[What is needed]:
Pictures do not belong in the copy; print every entry exactly as it stands.

(Beginning of Source data)

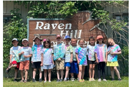
Bishop Baraga "1 st Grade Crew" showed off their beautiful tie-dyed t-shirts during their visit to Raven Hill this week! They witnessed the release of "Ralph", the snapping turtle, into its new home at Raven Hill Pond. Ralph promptly buried itself in the mud and disappeared from sight!

Staff split their week between helping with field trips, preparing for summer classes and helping with the newest learning station along the
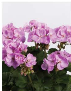
GERANIUM DARKO BLUE
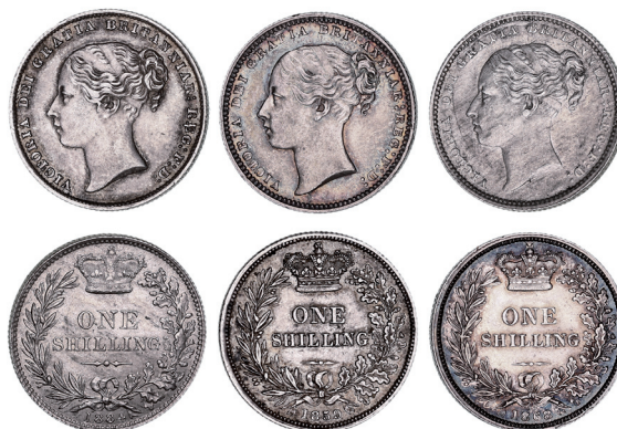
2494* Queen Victoria , young head, shillings, 1859 (S.3904), 1868, die no.30 (S.3906A) and 1884 (S.3907). Good very fine; extremely fine; good extremely fine. (3)
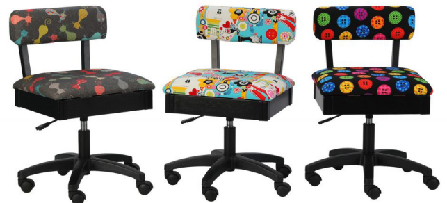
Cat's Meow, Sew Wow Sew Now & Bright Buttons Chairs

The cherry on top of your sewing sundae! Arrow's #1 Rated Height Adjustable Sewing Chair is a must have accessory for your dream sewing room! Cute, comfortable and convenient - our lovable chairs feature vibrant sewing themed patterns, 360° swivel access and lumbar support for long hours at your workstation. Don't look now, but under every seat cushion is a hidden storage compartment to store your notions and patterns! Available in 10 colors to perfectly match your sewing sanctuary!
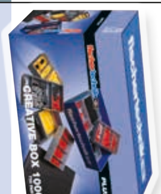
Creative Box 1000 Art.-Nr. 91 082
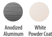
Anodized Aluminum White Powder Coat
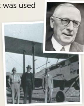
Reverend John Flynn's dream of the Flying Doctor was achieved thanks to a Gift in Will, which allowed him to lease his first aircraft.

Today, we're hoping you too will make a gift in your Will, so we can go further for generations to come.
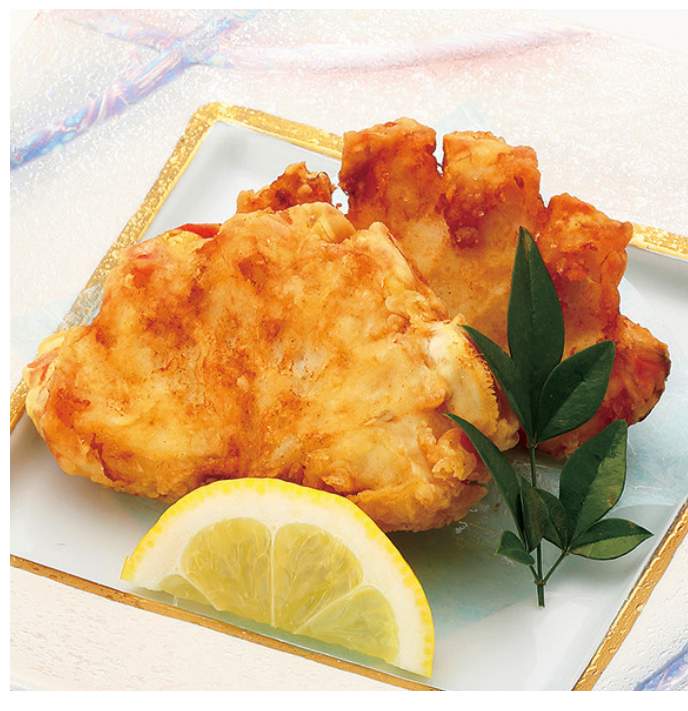
Deep Fried Crab Shoulder 780YEN (w/tax 858YEN)
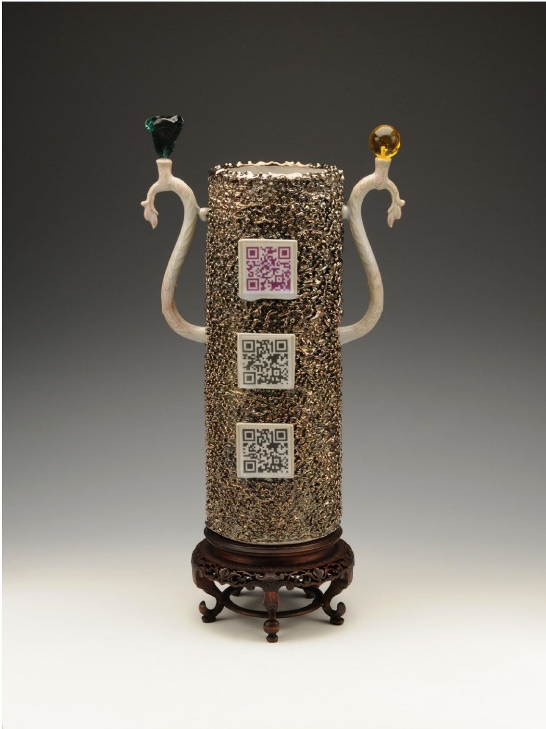
Holy Trinity- Fat, Salt, Sugar , 2011 (view 2) porcelain, lusters and mixed media on Antique wood base 16 ½ x 8 x 5 ¾ inches
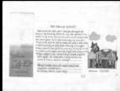
Zoya Haider Sophiya Public School, Ghaziabad ,U.P (Category 5 – 7)
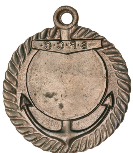
3635* B.P.C.C. (Banks Penninsula Cruising Club), struck in copper (65x55mm), ring top suspension, obverse inscribed 'Little Akaloa/To/Lyttelton/"Paora"/1961-62'. Very fine.
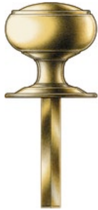
Thumb Turn & Rose
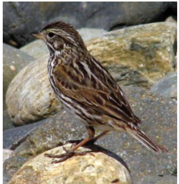
Figure 3. The Belding Sparrow is promoted to full species status in the reference guide.
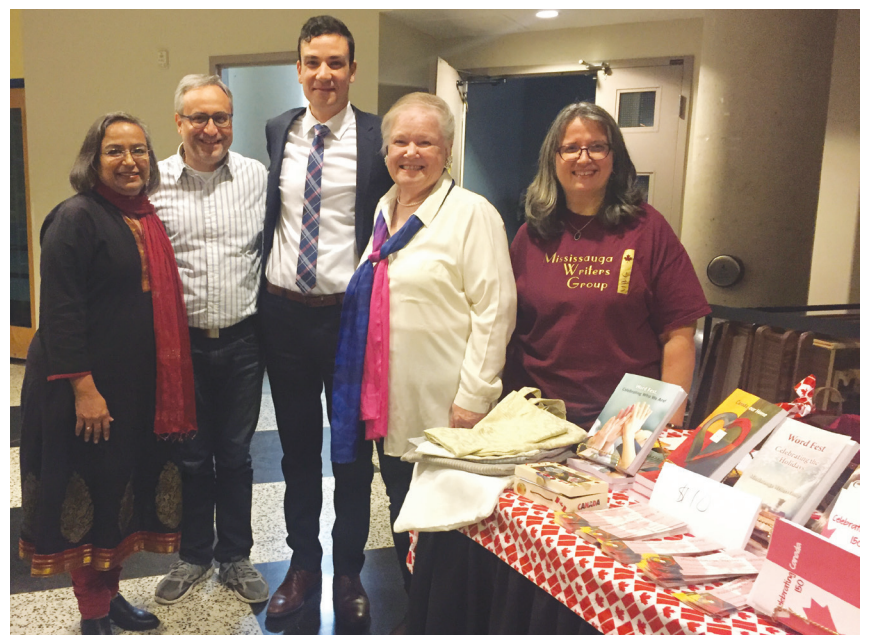
at 'Mississauga Writers Group' event
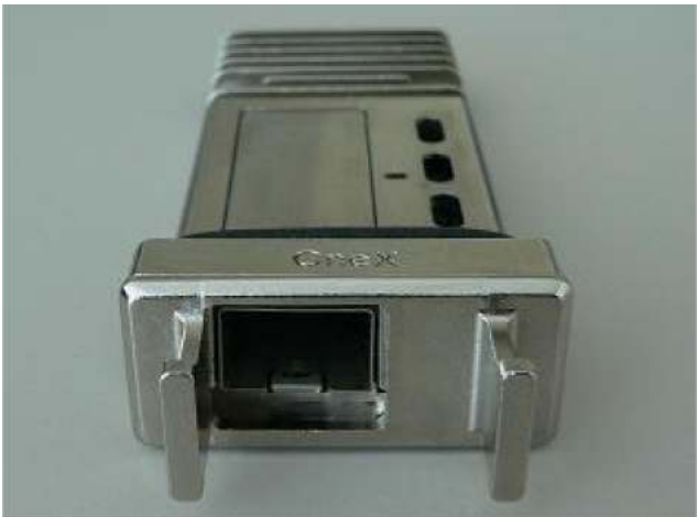
Figure 1. Cisco OneX Converter Module

The Cisco® OneX Converter Module (Figure 1) offers investment protection for 10 Gigabit Ethernet X2 ports of Cisco switches by enabling migration from X2 to Small Form-Factor Pluggable Plus (SFP+) form factor without having to upgrade the switches or modules.
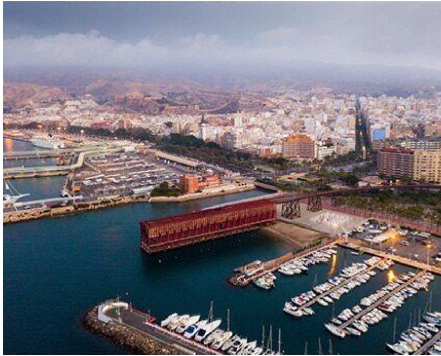
Province of Almería: beaches
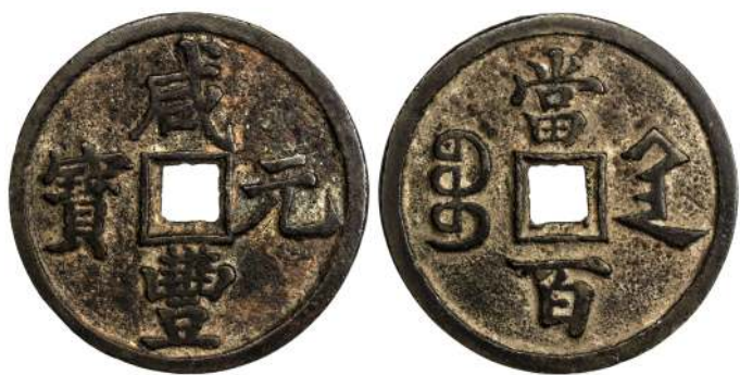
1764. QING: Xian Feng , 1851-1861, AE 100 cash, Xi'an mint, Shaanxi Province, H-22.959, Cr-23-8.1, 59mm, cast 1854-55, brass (huáng tóng) color, F-VF $100 - 150
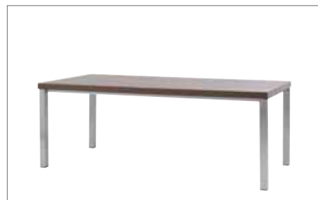
Table Xander available in H42/H74/H90/H110 cm
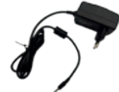
Power adapter 5V AT-CAE805
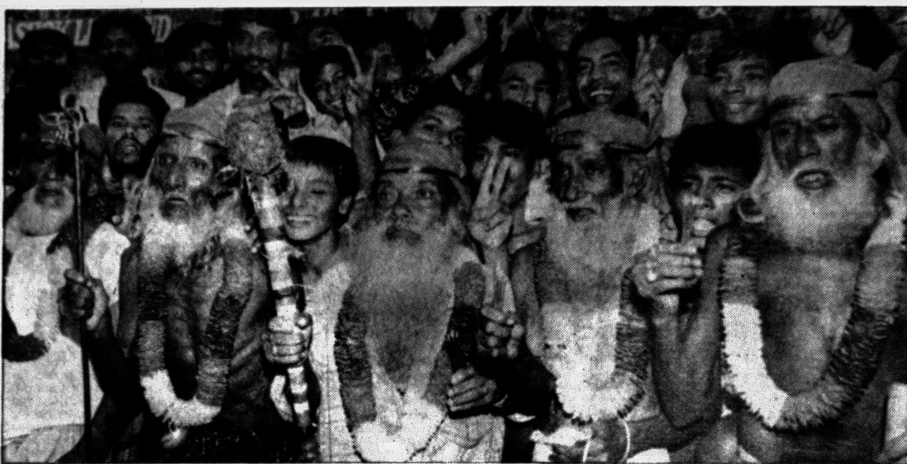
SOCCER SORCERY! A section of ardent Mohammedan supporters solicited the evil spirits of five sorcerers to spoil their arch-rival Abahani's chances to win against Fakirerpool Youngmen's Club at the Dhaka Stadium last evening. But the fakirs wizardry went in vain as Abahani ran away with a 2-0 win.
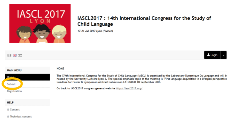
Figure 1 – IASCL2017 submission system's Home
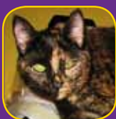
Biscuit & Cookie

Canino Animal Rescue Duston, Northampton
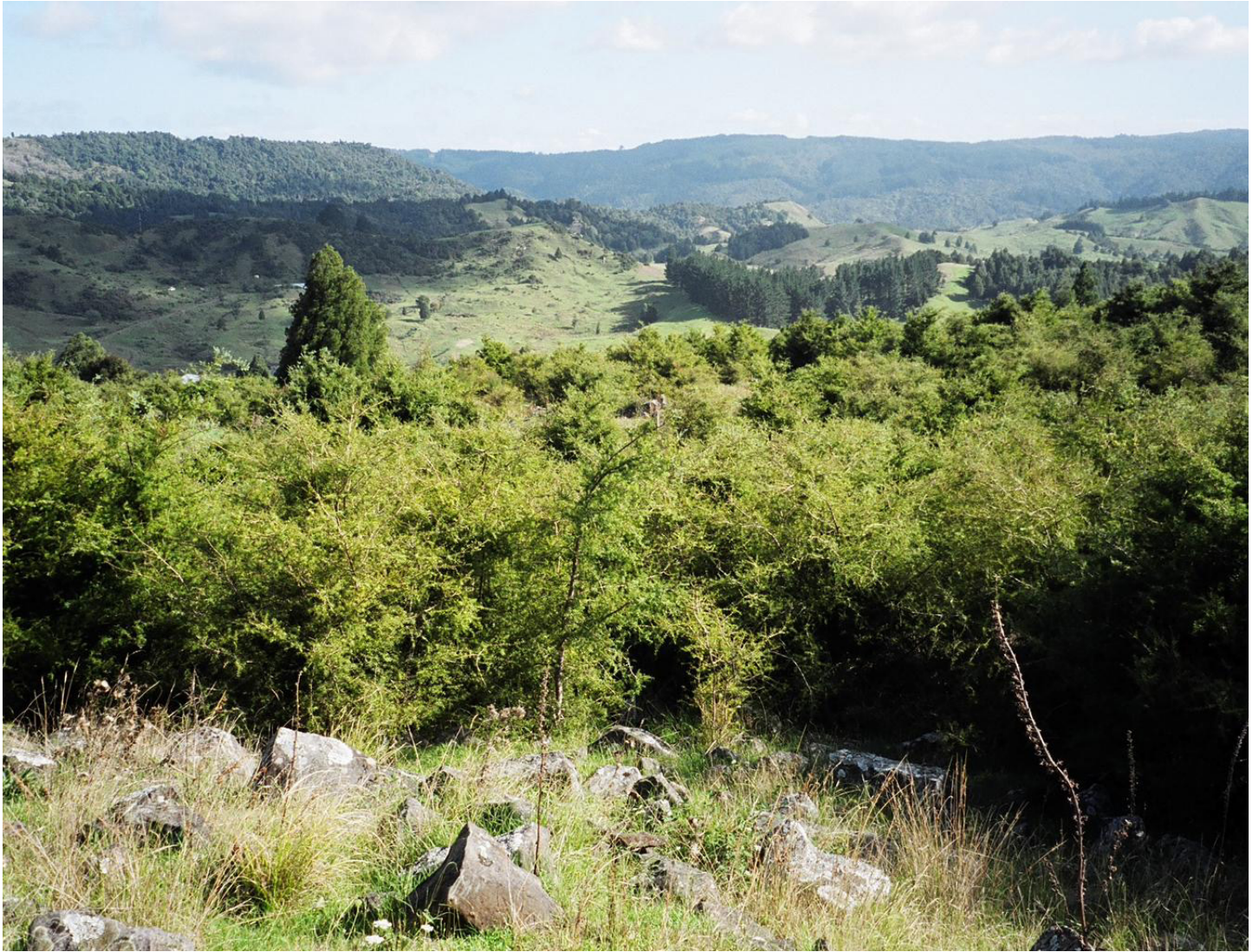
Natural regrowth totara in Northland

Manufactured tōtara products can include wall and ceiling linings, carved gifts, household items and souvenirs. These can also be made in Northland using wood processing and kiln dried cost-effectively at existing commercial sawmills and factories.
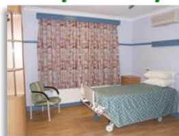
Nursing homes and wellness facilities
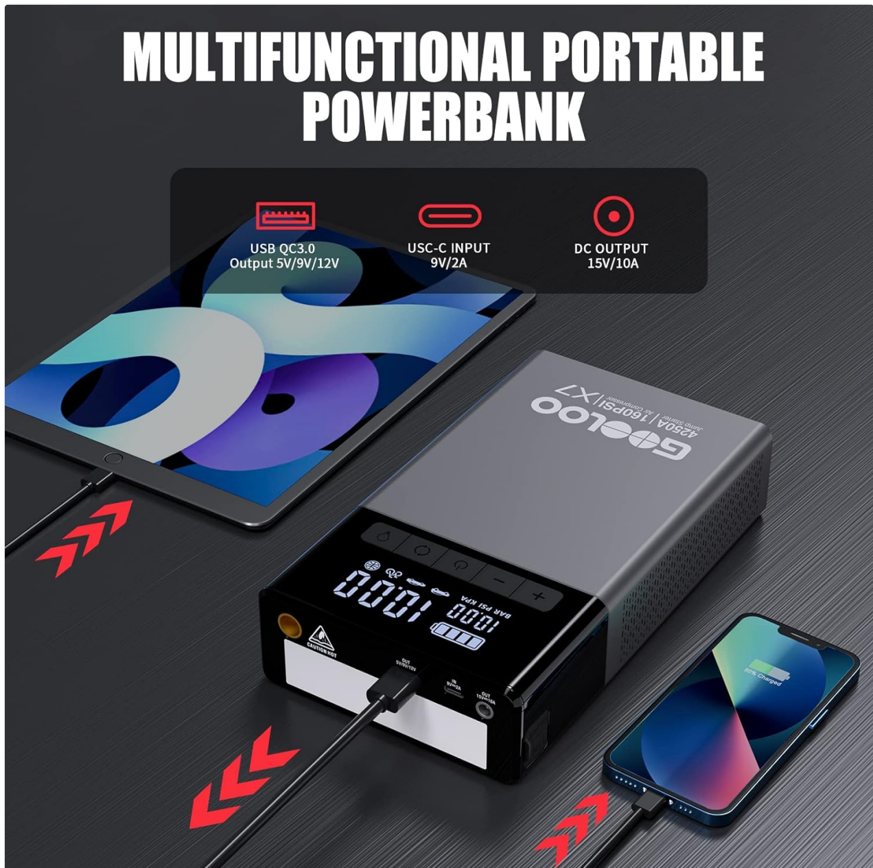
Figure 9: Multifunctional Portable Powerbank

(End of Source data)

[Reply to the exercise]:
Bishop Baraga "1 st Grade Crew" showed off their beautiful tie-dyed t-shirts during their visit to Raven Hill this week! They witnessed the release of "Ralph", the snapping turtle, into its new home at Raven Hill Pond. Ralph promptly buried itself in the mud and disappeared from sight!

Staff split their week between helping with field trips, preparing for summer classes and helping with the newest learning station along the
GERANIUM DARKO BLUE
2494* Queen Victoria , young head, shillings, 1859 (S.3904), 1868, die no.30 (S.3906A) and 1884 (S.3907). Good very fine; extremely fine; good extremely fine. (3)
Cat's Meow, Sew Wow Sew Now & Bright Buttons Chairs

The cherry on top of your sewing sundae! Arrow's #1 Rated Height Adjustable Sewing Chair is a must have accessory for your dream sewing room! Cute, comfortable and convenient - our lovable chairs feature vibrant sewing themed patterns, 360° swivel access and lumbar support for long hours at your workstation. Don't look now, but under every seat cushion is a hidden storage compartment to store your notions and patterns! Available in 10 colors to perfectly match your sewing sanctuary!
Creative Box 1000 Art.-Nr. 91 082
Anodized Aluminum White Powder Coat
Reverend John Flynn's dream of the Flying Doctor was achieved thanks to a Gift in Will, which allowed him to lease his first aircraft.

Today, we're hoping you too will make a gift in your Will, so we can go further for generations to come.
Deep Fried Crab Shoulder 780YEN (w/tax 858YEN)
Holy Trinity- Fat, Salt, Sugar , 2011 (view 2) porcelain, lusters and mixed media on Antique wood base 16 ½ x 8 x 5 ¾ inches
Zoya Haider Sophiya Public School, Ghaziabad ,U.P (Category 5 – 7)
3635* B.P.C.C. (Banks Penninsula Cruising Club), struck in copper (65x55mm), ring top suspension, obverse inscribed 'Little Akaloa/To/Lyttelton/"Paora"/1961-62'. Very fine.
Thumb Turn & Rose
Figure 3. The Belding Sparrow is promoted to full species status in the reference guide.
at 'Mississauga Writers Group' event
Figure 1. Cisco OneX Converter Module

The Cisco® OneX Converter Module (Figure 1) offers investment protection for 10 Gigabit Ethernet X2 ports of Cisco switches by enabling migration from X2 to Small Form-Factor Pluggable Plus (SFP+) form factor without having to upgrade the switches or modules.
Province of Almería: beaches
1764. QING: Xian Feng , 1851-1861, AE 100 cash, Xi'an mint, Shaanxi Province, H-22.959, Cr-23-8.1, 59mm, cast 1854-55, brass (huáng tóng) color, F-VF $100 - 150
Table Xander available in H42/H74/H90/H110 cm
Power adapter 5V AT-CAE805
SOCCER SORCERY! A section of ardent Mohammedan supporters solicited the evil spirits of five sorcerers to spoil their arch-rival Abahani's chances to win against Fakirerpool Youngmen's Club at the Dhaka Stadium last evening. But the fakirs wizardry went in vain as Abahani ran away with a 2-0 win.
Figure 1 – IASCL2017 submission system's Home
Biscuit & Cookie

Canino Animal Rescue Duston, Northampton
Natural regrowth totara in Northland

Manufactured tōtara products can include wall and ceiling linings, carved gifts, household items and souvenirs. These can also be made in Northland using wood processing and kiln dried cost-effectively at existing commercial sawmills and factories.
Nursing homes and wellness facilities
Figure 9: Multifunctional Portable Powerbank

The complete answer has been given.